I doublechecked my issue under heavy load and now I do not see any Ierrs errors.

ifconfig output after ifconfig ue0 media auto mediaopt flow

ue0: flags=8843<UP,BROADCAST,RUNNING,SIMPLEX,MULTICAST> metric 0 mtu 1500
        options=8000b<RXCSUM,TXCSUM,VLAN_MTU,LINKSTATE>
        ether xx:xx:xx:xx:xx:xx
        inet6 xxxx::xxx:xxxx:xxxx:xxxx%ue0 prefixlen 64 scopeid 0x7
        inet xxx.xxx.xxx.xxx netmask 0xffffff00 broadcast xxx.xxx.xxx.xxx
        nd6 options=21<PERFORMNUD,AUTO_LINKLOCAL>
        media: Ethernet autoselect <flowcontrol> (100baseTX <full-duplex,flowcontrol,rxpause,txpause>)
        status: active

If as you said that you reproduced this problem,
how can we make a patch for this problem and include it in future FreeBSD release as permanent solution? Could you help with this?

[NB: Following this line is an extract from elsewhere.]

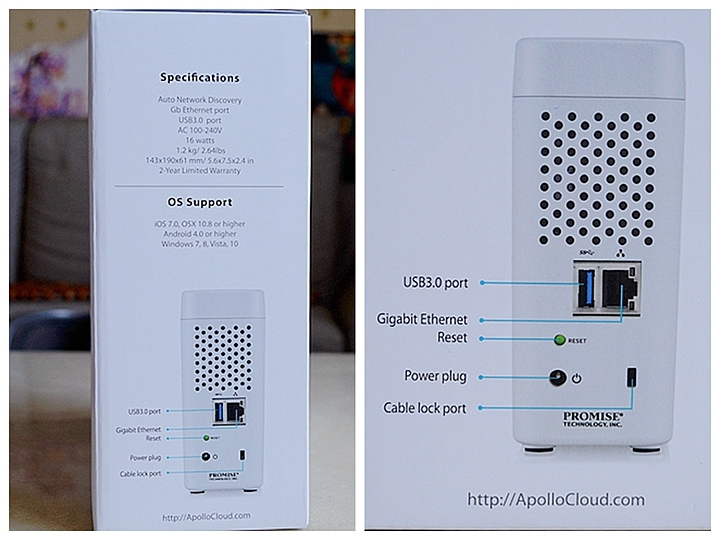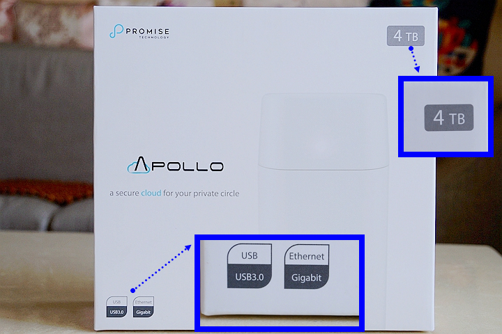 ▼Apollo Cloud 以白色外包裝為主色,象徵雲端儲存的主體,而且正面上可看到4TB的儲存容量硬碟,讓人一眼就了解到裡面的大容量儲存空間,另外,USB3.0,Gigabit 網路接口,也可以看到Apollo Cloud配備的硬體等級都是目前最高了。

Thank you very much once again!
Comment 8 Pyun YongHyeon freebsd_committer 2016-07-07 08:19:41 UTC
(In reply to mtatarin76 from comment #7)
Probably you can put flow control options to '/etc/start_if.ue0'
file as a workaround(Not tested though).

Enabling flow-control by default in driver would be a POLA
violation so I wanted to mitigate the issue when flow-control is
not active.  However, it seems there is no good way to mitigate
the issue without increasing H/W RX FIFO size.  The hardware have a
fixed sized buffer so we may have to rely on other way like
flow-control to mitigate that.
The issue shall frequently happen when the controller operates at
high-speed(USB 2.0) and established link is 1000baseT(i.e. the
network bottleneck is USB 2.0 bus).  I contacted the vendor to get
more information on the issue so let's see how it goes.  If the
vendor confirms my theory, documenting it in axge(4) would be best
one.

I guess you may see better result when you plug the controller to
USB 3.0 port.  Due to lack of H/W, I wasn't able to test that.

Thanks for testing!
Comment 9 mtatarin76 2016-07-07 08:31:42 UTC
Thank you once again for your efforts!

I put this workaround already at rc boot shell script and it worked.
I'm happy with it now!

I uses USB3 port meanwhile.

It will good if you will get some confirmation and explanation from vendor as well, I will interested in further updates if you will get anything in the future.